おくりびと

November 25 [Tue], 2008, 19:17
【監督:滝田洋二郎 脚本:小山薫堂 出演:本木雅弘/広末涼子/山崎努 公式HP:http://www.okuribito.jp/

 オーケストラのチェロ奏者から一転、失業した大吾は、妻とともに郷里に戻り、そこでとある求人広告によってNKエージェントという会社を訪れる。
 旅行代理店と勘違いしたその会社は、実は《納棺師》――遺体を棺に納める仕事だった。
 妻に結婚式場の仕事だと偽りながら見習いをはじめる大吾だったが、幼い頃の記憶を引き摺りながら、様々な人々の最期の別れや境遇と対峙するうち、やがて仕事の意義を見出していく。

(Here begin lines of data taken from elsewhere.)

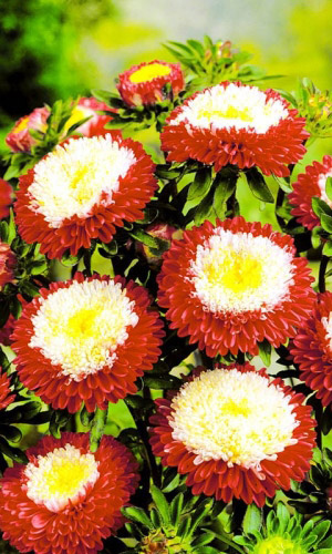 Прекрасная двухцветная астра с помпонными соцветиями Ø7-9 см. Кусты компактные, колонновидные, прочные, высотой 50-60 см, за период вегетации формируют 25-30 соцветий на длинных цветоносах. Цветение раннее и продолжительное, с июля до глубокой осени. Астры холодостойкие, светолюбивые (но выносят полутень), не любят сырых, переувлажненных почв. Широко используются для оформления клумб, бордюров и цветников. Отлично подходят для срезки, цветы стоят в воде до двух недель...
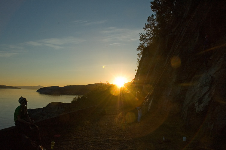 Fredag morgon, frukost vid klippan och vid fjorden. Lågvatten. Utmaningar, friktion och trötta fingrar. Skratt och heja-rop. Vackert.
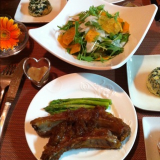柿サラダ。柿、かぶの塩もみ、水菜。ハート型のグラス器はごまドレッシング。
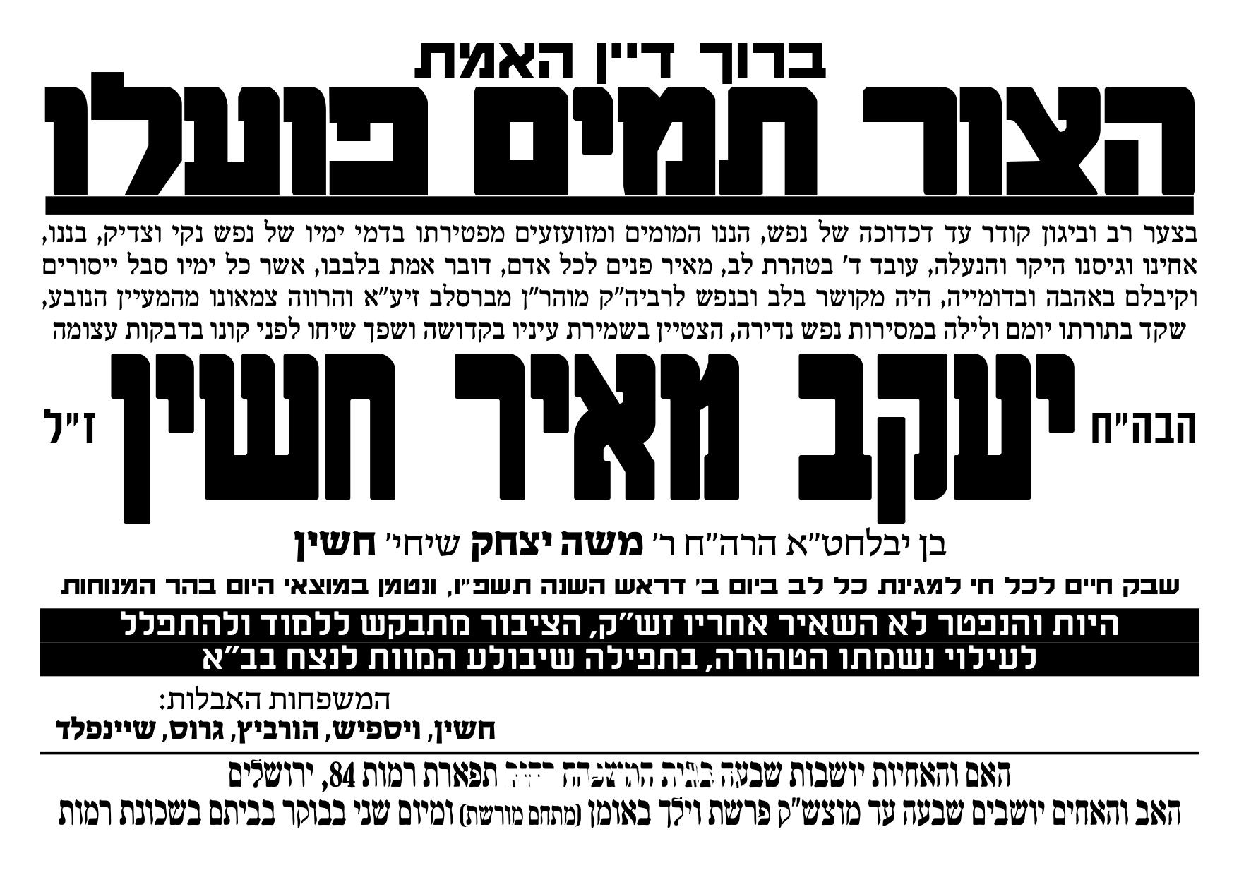 ברוך דיין האמת: בעיצומו של יום ראש השנה (היום השני של ראש השנה, ב' תשרי תשפ"ו) הסתלק לבית עולמו הבחור החשוב, נפש נקי וצדיק יעקב מאיר חשין ז"ל, משכונת רמות בירושלים והוא בן 33 בפטירתו.
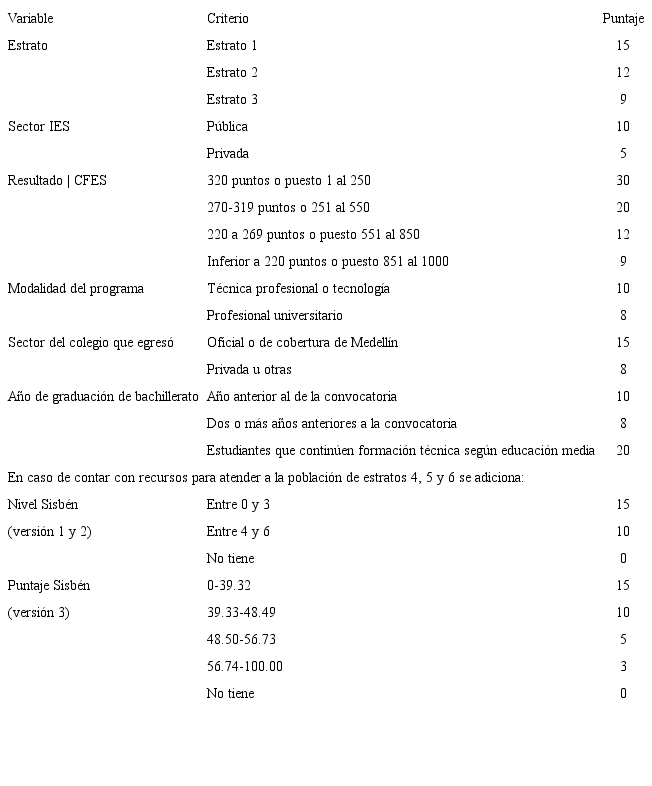 Para acceder al programa,5 en primer lugar el aspirante debe cumplir con los siguientes requisitos: a) haber nacido en Medellín o llevar domiciliado mínimo los últimos cinco años. Si es víctima del conflicto armado, desplazamiento, población afrocolombiana o indígena, el tiempo de permanencia mínimo es de dos años; b) llevar mínimo dos años de domicilio en la comuna o corregimiento por la cual aplica; c) estar en proceso de admisión, ser admitido o estar estudiando en una institución de educación superior (IES) en la ciudad; d) haber presentado pruebas Saber 11 y e) no poseer título universitario (excepto modalidad de ciclos).
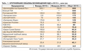 В публикации сказано, что несмотря на то, что поступления в сводный бюджет за январь-март почти на 33 миллиарда гривен превысили прошлогодние показатели, объемы возмещения НДС продолжают сокращаться, причем в марте — почти на треть.
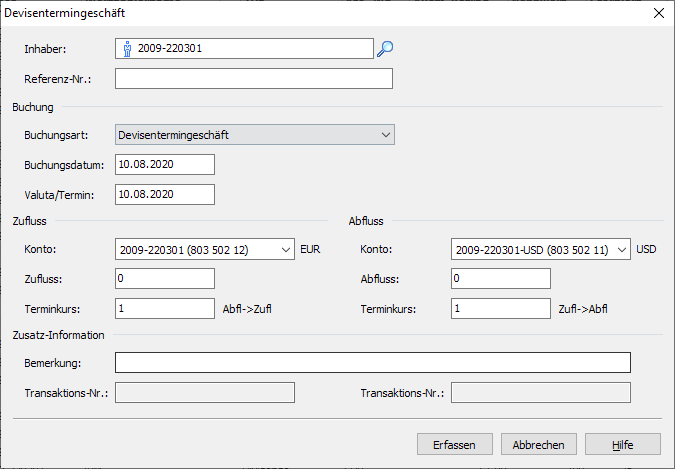 Es erscheint das Dialogfenster "Devisentermingeschäft".

 第32回モントリオール世界映画最グランプリ受賞作品。
 感情にじわりとした変化を与える作品。
 派手な演出はなく、アップダウンの激しいものでもなく。
 むしろどこか淡々と、時に感情のすれ違いや軋轢、戸惑い、葛藤を織りませながらも、緩やかな変化の中にちょっとした笑いとちょっとした感動とちょっとした切なさが入り混じる。

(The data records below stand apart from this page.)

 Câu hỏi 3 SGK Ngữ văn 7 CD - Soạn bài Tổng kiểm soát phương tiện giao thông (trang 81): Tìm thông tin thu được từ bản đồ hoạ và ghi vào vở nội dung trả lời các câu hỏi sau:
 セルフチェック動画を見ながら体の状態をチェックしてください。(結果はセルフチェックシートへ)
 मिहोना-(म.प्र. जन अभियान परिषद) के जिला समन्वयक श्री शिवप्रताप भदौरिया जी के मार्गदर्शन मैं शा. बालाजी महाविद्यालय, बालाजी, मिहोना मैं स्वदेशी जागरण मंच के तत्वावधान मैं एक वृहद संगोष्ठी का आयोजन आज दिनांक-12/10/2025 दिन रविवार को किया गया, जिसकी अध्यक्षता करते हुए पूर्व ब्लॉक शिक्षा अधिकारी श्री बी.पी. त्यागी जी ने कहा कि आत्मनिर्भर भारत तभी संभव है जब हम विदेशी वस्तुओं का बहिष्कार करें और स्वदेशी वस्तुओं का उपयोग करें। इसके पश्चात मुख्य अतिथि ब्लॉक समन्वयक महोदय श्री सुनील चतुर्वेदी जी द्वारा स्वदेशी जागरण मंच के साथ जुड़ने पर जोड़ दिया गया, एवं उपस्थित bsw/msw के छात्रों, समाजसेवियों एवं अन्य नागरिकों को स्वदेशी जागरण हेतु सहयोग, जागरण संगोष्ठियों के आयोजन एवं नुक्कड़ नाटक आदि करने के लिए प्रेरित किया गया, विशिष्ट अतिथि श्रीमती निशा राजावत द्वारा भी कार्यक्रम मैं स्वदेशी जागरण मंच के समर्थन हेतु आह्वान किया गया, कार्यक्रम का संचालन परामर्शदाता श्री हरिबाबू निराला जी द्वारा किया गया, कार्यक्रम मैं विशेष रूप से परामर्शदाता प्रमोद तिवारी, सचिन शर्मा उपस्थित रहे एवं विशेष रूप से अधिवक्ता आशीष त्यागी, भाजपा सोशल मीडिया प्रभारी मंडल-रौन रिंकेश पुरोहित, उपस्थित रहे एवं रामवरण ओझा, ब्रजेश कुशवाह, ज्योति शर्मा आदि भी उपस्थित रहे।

 シリアスなヒューマンドラマ、というほどに肩肘は張っていない。
 ヒトは死と対面するようにできている。
 大切にしているもの、大切にしたいもの、大切にできなかったものへの想いは複雑に絡みあっていて、時には他者への怒りや地震への憤りに転換されることもあるだろう。
 それを、やんわりと受け止める。
 哀しいだけでもなく、切ないだけでなく、もちろん《死》を茶番に変えるのでもなく、ただ受け止めるために必要な何かを差し出してくれるような、そんな優しさがある。
 少しずつ、何かが変わる。
 少しずつ、何かが染み込んでくる。
 少しずつ、何かを得ていく。
 納棺師―その仕事はひどく厳かで、そしてひどく愛情に満ちていて、やさしい。
 その仕事を目の当たりにした時、言葉にならない愛情が沁みて、誤解と偏見と失望の感情が融けて行く。
 自分ひとりで抱え込み、なかなか他人に言い出せず、状況に翻弄され周囲に流されてしまう主人公が得た天職。
 職業への誇りと死者と残されたものへの敬意と思いやりに満ちた、非常に真摯な作品ではないだろうか。